Home of the Chicago Bears, Soldier Field was once the oldest stadium in the NFL. To honor World War I veterans in 1919, plans were developed for a new stadium. Construction began on the stadium in 1922 and was completed by 1928. Opening for the stadium, that was originally called Municipal Grant Park Stadium, came on October 9, 1924. Less than one year later the stadium was renamed Soldier Field and was officially dedicated on November 27, 1926. The stadium was modeled after ancient Greek and Roman stadiums. The most distinctive feature of Soldier Field was the pair of systole colonnades perched along the parallel east and west sides. Each colonnade, flanked by tetrastyle temples, was formed by a double row of 32 columns. Soldier Field could host many events from football to bike racing. When the stadium was finally completed it had a capacity of near 74,000 and was in the shape of a U. Additional seating could be added along the interior field, upper promenades and on the large, open field and terrace beyond the north endzone, bringing the capacity to over 100,000. In 1939, the north end of the stadium was closed off, with the addition of the Chicago Park District’s headquarters. The largest crowd for any event at Soldier Field was 260,000 on Sept. 8, 1954 for the religious Marian Year Tribute.

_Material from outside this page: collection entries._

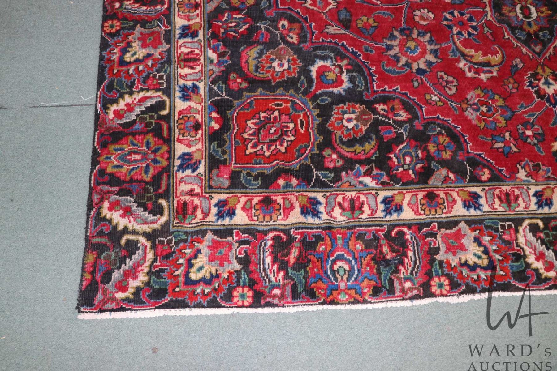 100% handmade Iranian wool carpet "Mashad" with center medallion, red background and overall floral design, highlights of blues, cream and green 108" X 153". Note: Not available for shipping. Local pickup only
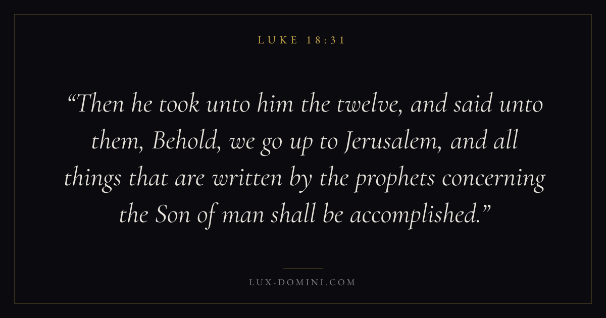 Then he took unto him the twelve, and said unto them, Behold, we go up to Jerusalem, and all things that are written by the prophets concerning the Son of man shall be accomplished.
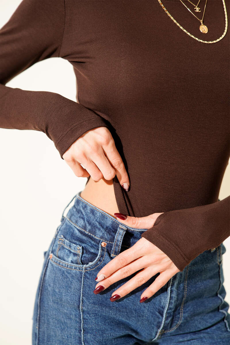 Fitilli Boğazlı Body Sütlü Kahve
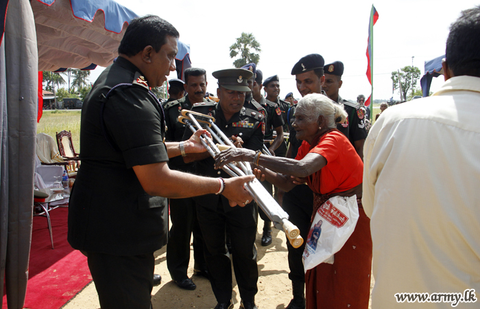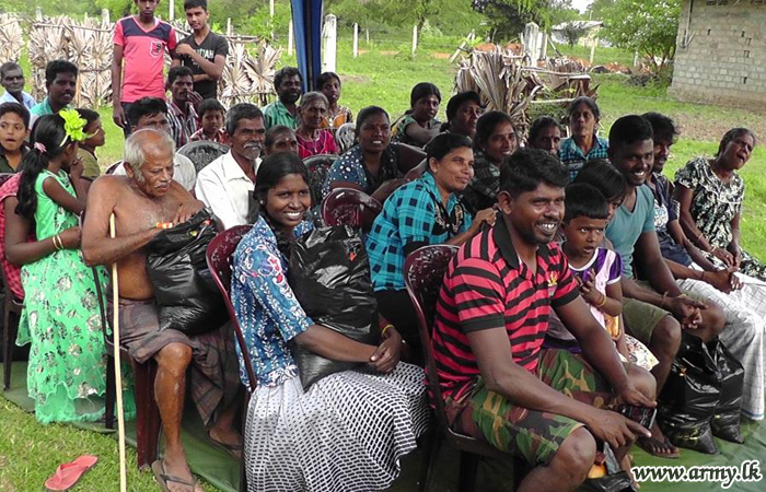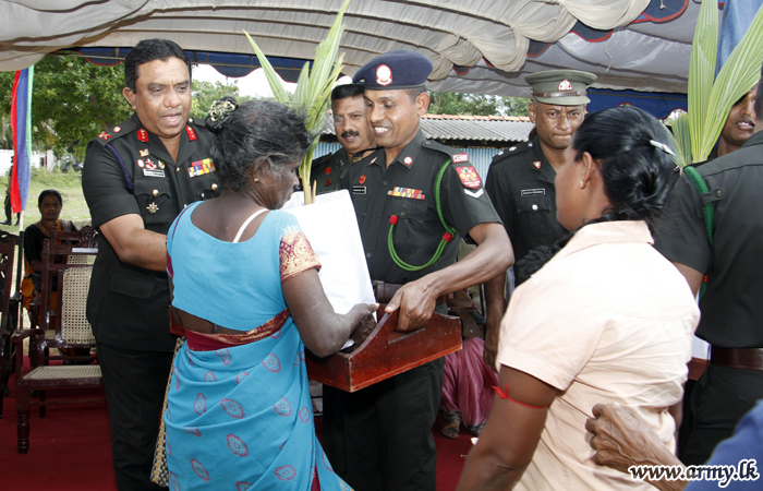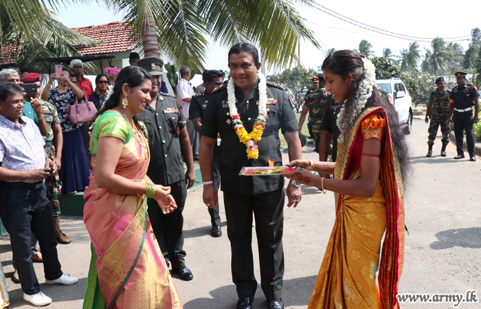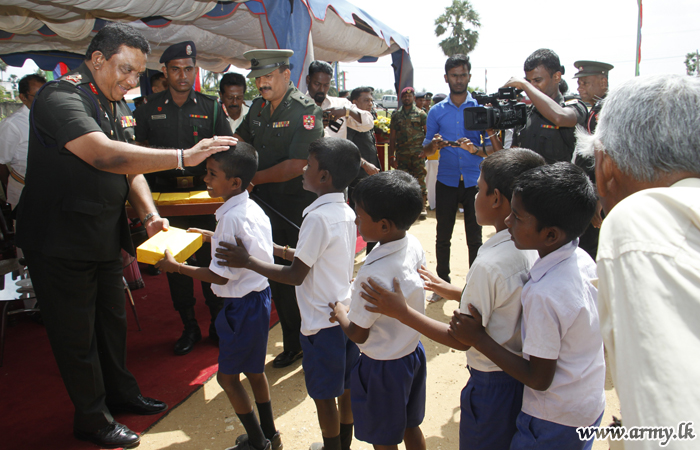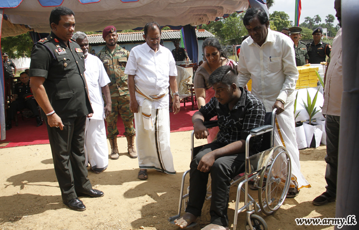 100 children of low-income families in Jaffna on account of Thai Pongal received stationary packs and school accessories while 26 differently able civilians received clutches and a wheelchair during a ceremony at Sri Bhadrakaali Kovil premises at Sangarathai in Wadukkodai, headed by Major General Dharshana Hettiarrachchi, Commander, Security Forces - Jaffna. At the same occasion, troops distributed about 1000 coconut saplings among civilians in order to encourage them for cultivation.
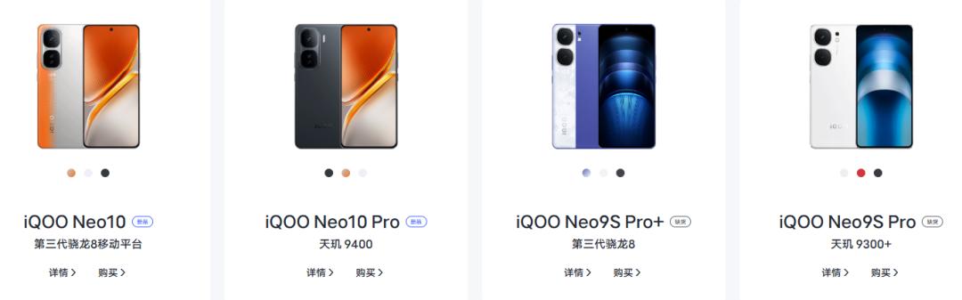 如果仅仅一两款型号差未几倒也无所谓,但目下为止,iQOO Neo9 系列的 4 款机型,加上 iQOO Neo10 系列的 3 款机型,再加上此次的 iQOO Neo11 ,其实依然有 8 台手机在用险些一样的外不雅了。。。
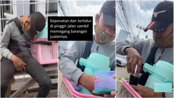 Video yang telah tular di media sosial itu memaparkan seorang remaja sedang kepenatan dan tertidur di pinggir jalan sambil memegang barangan jualannya.
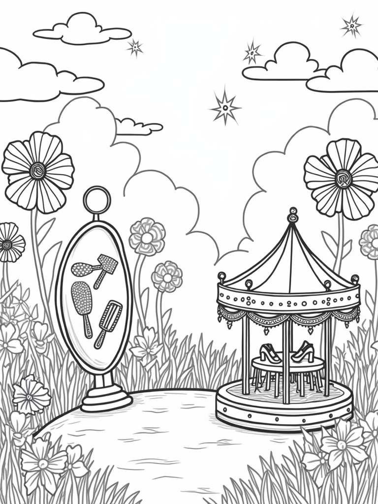 Giant Flowers and a Sparkling Vanity in Dreamland Coloring Page
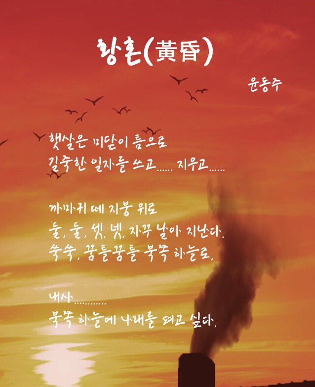 * 나는 윤동주 시인의 모든 작품과 윤동주 시인의 삶에 관한 책을 쓰려고 자료를 모으고 있는 중이다. 그리고 나는 제주 4.3과 우리나라 해방정국에 관한 작품을 쓰기 위하여 고민하는 과정에서 융동주 시인을 다시 만나고 있다. 나는 오랫동안 시인으로 살지 못했다. 앞으로 남은 삶을 시인으로 살기 위하여 부활을 꿈꾸고 있다. 앞으로도 상당기간 준비 기간이 필요할 것 같다. 최승호 시인의 말씀이 많은 도움이 될 것 같다. 그리고 윤동주 시인의 "모든 죽어가는 것을 사랑해야지" 이 문장이 나의 앞길을 밝히는 등대가 될 것이다. 그리하여 나는 지금 윤동주 시인을 다시 만나서 새롭게 배우고 있다.
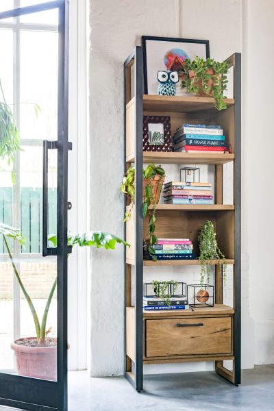 De moderne stoere boekenkast uit de Metalo collectie van Henders & Hazel heeft een opvallend design. De boekenkast heeft zowel open als dichte niches en een handige lade om spulletjes in op te bergen. Opvallend zijn de metalen poten die doorlopen langs de zijkant van de kast. De perfecte boekenkast voor de liefhebbers van een eigentijds interieur.

From the Chicago Bears inception in the early 1920s until 1970, the team played at Wrigley Field, home of the Chicago Cubs. After the 1970 season, the team decided to move to Soldier Field. On September 19, 1971 the Bears played their first game at Soldier Field. The capacity of the stadium was reduced to 57,000 to bring fans closer to the field. In 1978, Astroturf replaced the natural grass field and the seating areas were rebuilt. By 1981, additional seating was added bringing the capacity to 66,000. New luxury suites, a press box and a video/scoreboard were also added. In 1988, the Astroturf was replaced by natural grass and 56 luxury suites were added to Soldier Field. In 2000, the Bears announced that Soldier Field would be completely renovated and expanded as part of Chicago’s Lakefront Improvement Plan. As part of a $365 million reconstruction project, the majority of Soldier Field was demolished with the exception of the exterior. While Soldier Field was reconstructed the Bears played at Memorial Stadium in Champaign, IL throughout the 2002 season. The new Soldier Field has around 66,000 seats in several tiers, overall improved seating, better sightlines, an enlarged concourse, two 96-foot-by-23-foot video-boards, 8,000 club seats and 133 luxury suites. To preserve Soldier Field, the classic colonnades were saved intact as a lasting monument to Soldier Field’s glorious past and a 250-foot granite-wall sculpture serves as a memorial to the men and women who served in the armed forces. Fans are able to walk among the colonnades and the horseshoe promenade. The Bears moved back into the new Soldier Field in time for the 2003 NFL season.